[[ TASK INPUT, beginning ]]

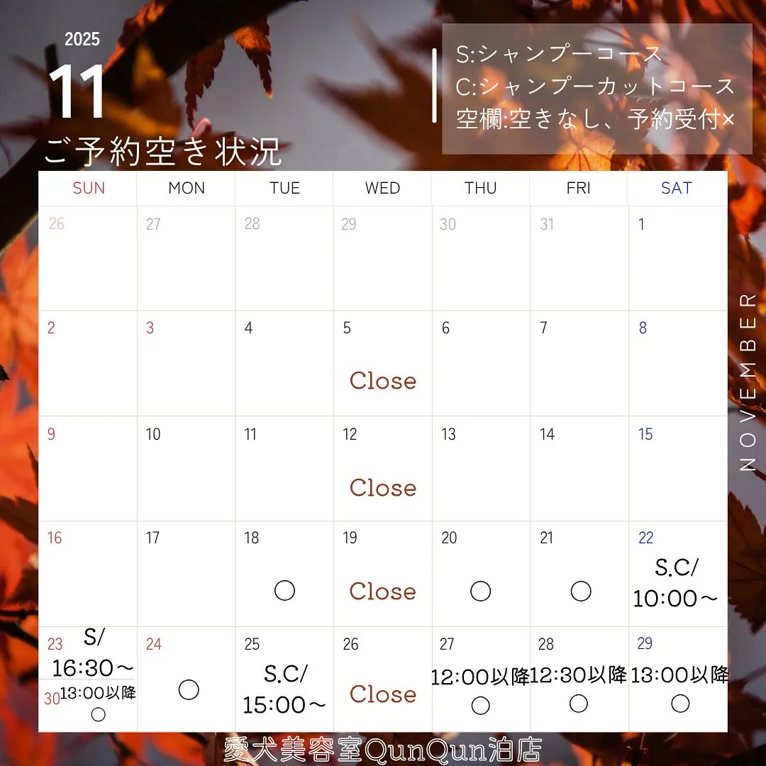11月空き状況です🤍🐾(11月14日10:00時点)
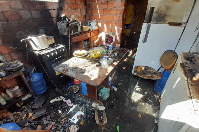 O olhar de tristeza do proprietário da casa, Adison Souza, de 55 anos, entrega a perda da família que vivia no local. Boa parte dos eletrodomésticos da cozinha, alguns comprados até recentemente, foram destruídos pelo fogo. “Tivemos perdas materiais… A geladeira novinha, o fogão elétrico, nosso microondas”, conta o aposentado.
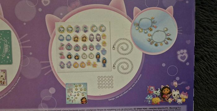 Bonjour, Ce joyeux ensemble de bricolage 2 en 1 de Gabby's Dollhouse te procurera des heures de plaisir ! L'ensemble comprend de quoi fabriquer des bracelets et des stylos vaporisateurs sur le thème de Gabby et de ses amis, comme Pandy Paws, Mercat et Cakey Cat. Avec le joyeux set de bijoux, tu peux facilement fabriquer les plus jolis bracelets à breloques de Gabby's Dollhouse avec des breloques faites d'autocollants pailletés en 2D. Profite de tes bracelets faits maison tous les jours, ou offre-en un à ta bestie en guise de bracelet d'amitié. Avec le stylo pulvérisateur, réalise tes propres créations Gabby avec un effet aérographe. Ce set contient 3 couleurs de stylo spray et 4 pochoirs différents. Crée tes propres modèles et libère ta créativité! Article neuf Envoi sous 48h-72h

[[ TASK INPUT, end ]]
[[ TASK INPUT, beginning ]]

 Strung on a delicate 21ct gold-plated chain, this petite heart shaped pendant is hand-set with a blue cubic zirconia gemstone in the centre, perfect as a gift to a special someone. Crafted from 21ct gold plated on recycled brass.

[[ TASK INPUT, end ]]
[[ TASK INPUT, beginning ]]

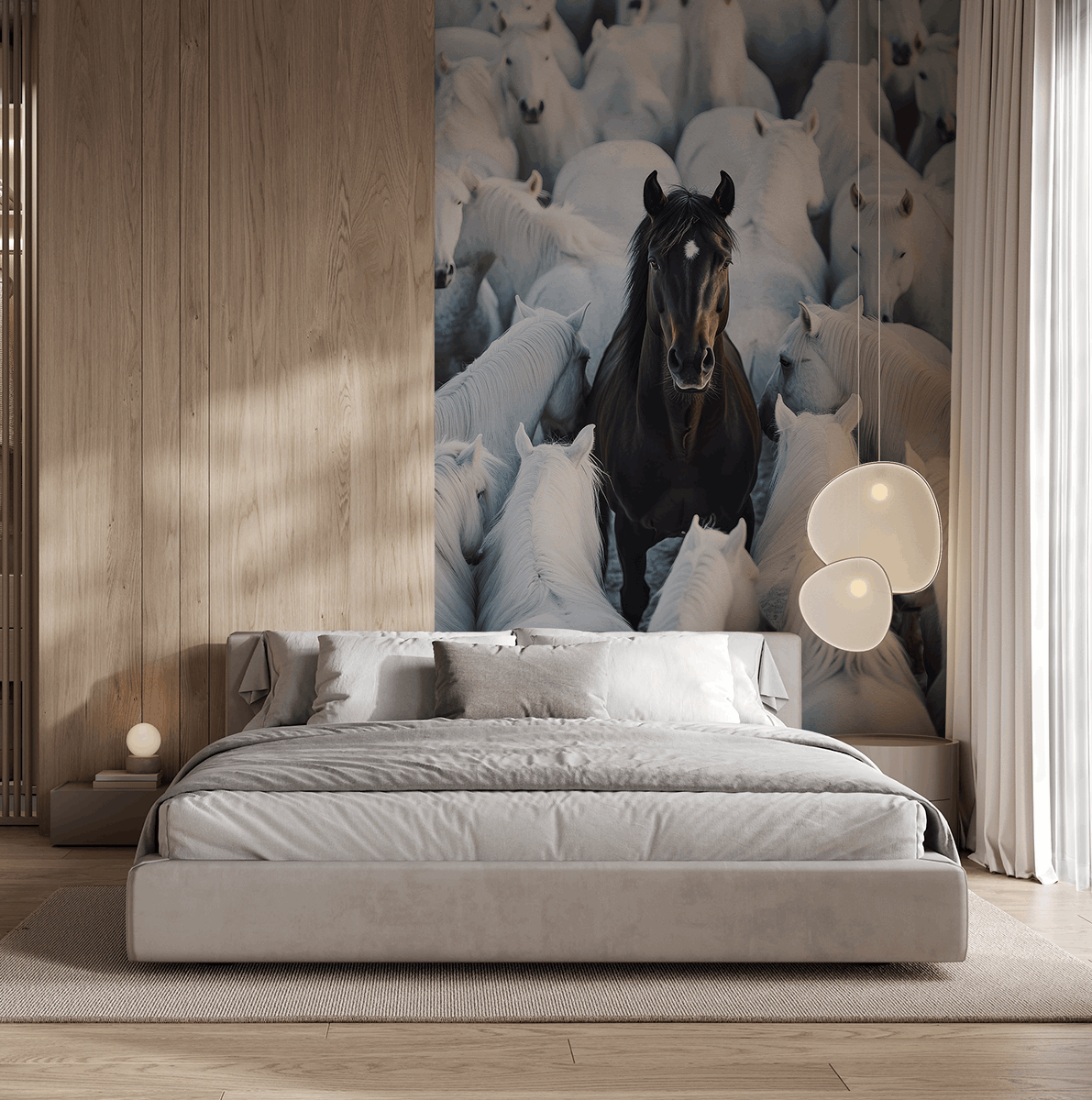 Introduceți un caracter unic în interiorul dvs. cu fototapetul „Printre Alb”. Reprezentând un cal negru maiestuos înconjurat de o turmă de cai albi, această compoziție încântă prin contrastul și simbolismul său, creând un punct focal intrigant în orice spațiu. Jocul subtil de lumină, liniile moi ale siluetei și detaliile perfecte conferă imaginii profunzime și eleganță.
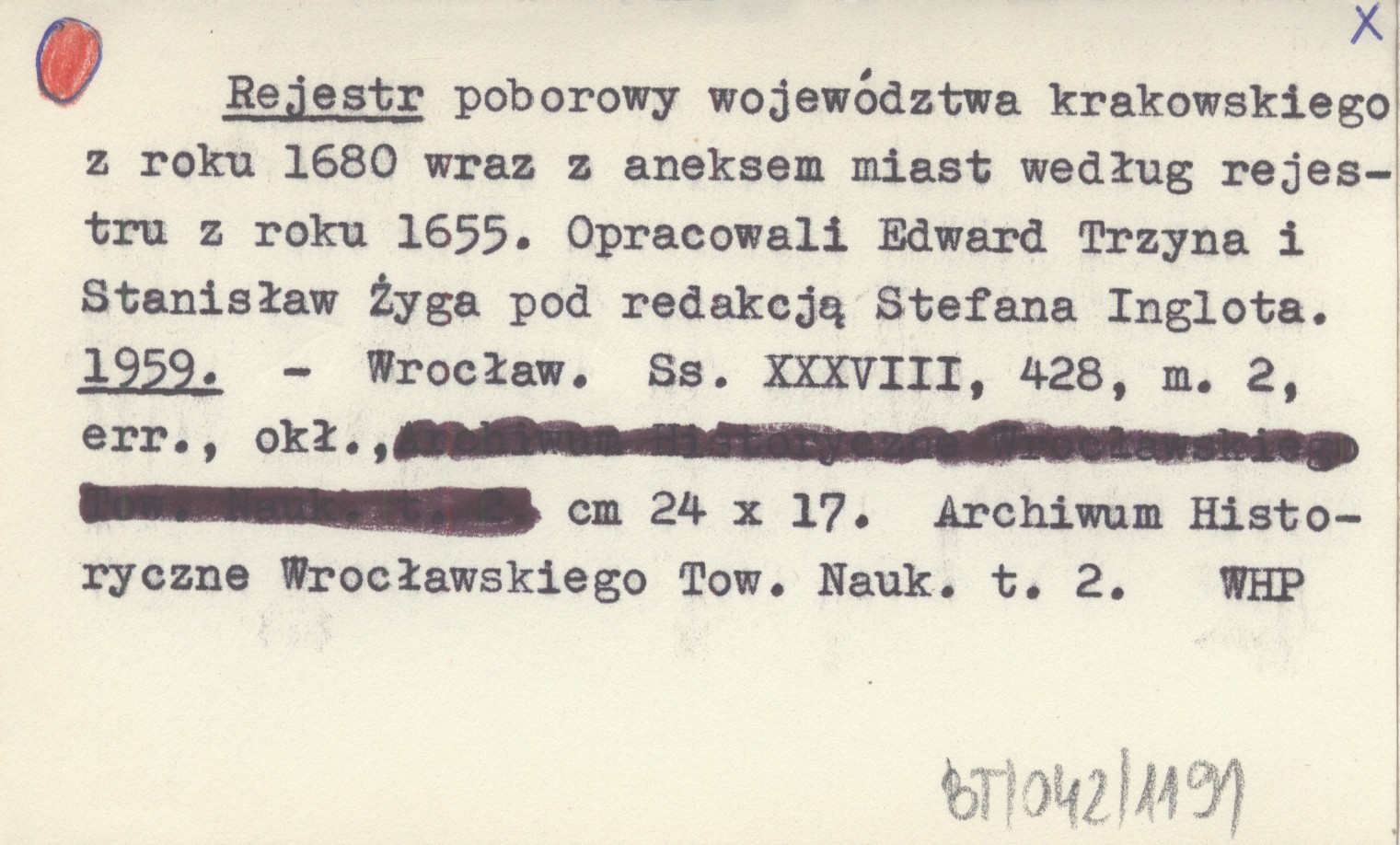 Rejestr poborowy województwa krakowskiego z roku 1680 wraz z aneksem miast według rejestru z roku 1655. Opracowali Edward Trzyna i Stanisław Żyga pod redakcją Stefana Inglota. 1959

[[ TASK INPUT, end ]]

AIM OF THE TASK>
The stretch above running from the line with "O olhar de tristeza" through the line with "Bonjour, Ce joyeux" is all you should copy, exactly, leaving out the pictures.

YOUR RESPONSE>
 O olhar de tristeza do proprietário da casa, Adison Souza, de 55 anos, entrega a perda da família que vivia no local. Boa parte dos eletrodomésticos da cozinha, alguns comprados até recentemente, foram destruídos pelo fogo. “Tivemos perdas materiais… A geladeira novinha, o fogão elétrico, nosso microondas”, conta o aposentado.
 Bonjour, Ce joyeux ensemble de bricolage 2 en 1 de Gabby's Dollhouse te procurera des heures de plaisir ! L'ensemble comprend de quoi fabriquer des bracelets et des stylos vaporisateurs sur le thème de Gabby et de ses amis, comme Pandy Paws, Mercat et Cakey Cat. Avec le joyeux set de bijoux, tu peux facilement fabriquer les plus jolis bracelets à breloques de Gabby's Dollhouse avec des breloques faites d'autocollants pailletés en 2D. Profite de tes bracelets faits maison tous les jours, ou offre-en un à ta bestie en guise de bracelet d'amitié. Avec le stylo pulvérisateur, réalise tes propres créations Gabby avec un effet aérographe. Ce set contient 3 couleurs de stylo spray et 4 pochoirs différents. Crée tes propres modèles et libère ta créativité! Article neuf Envoi sous 48h-72h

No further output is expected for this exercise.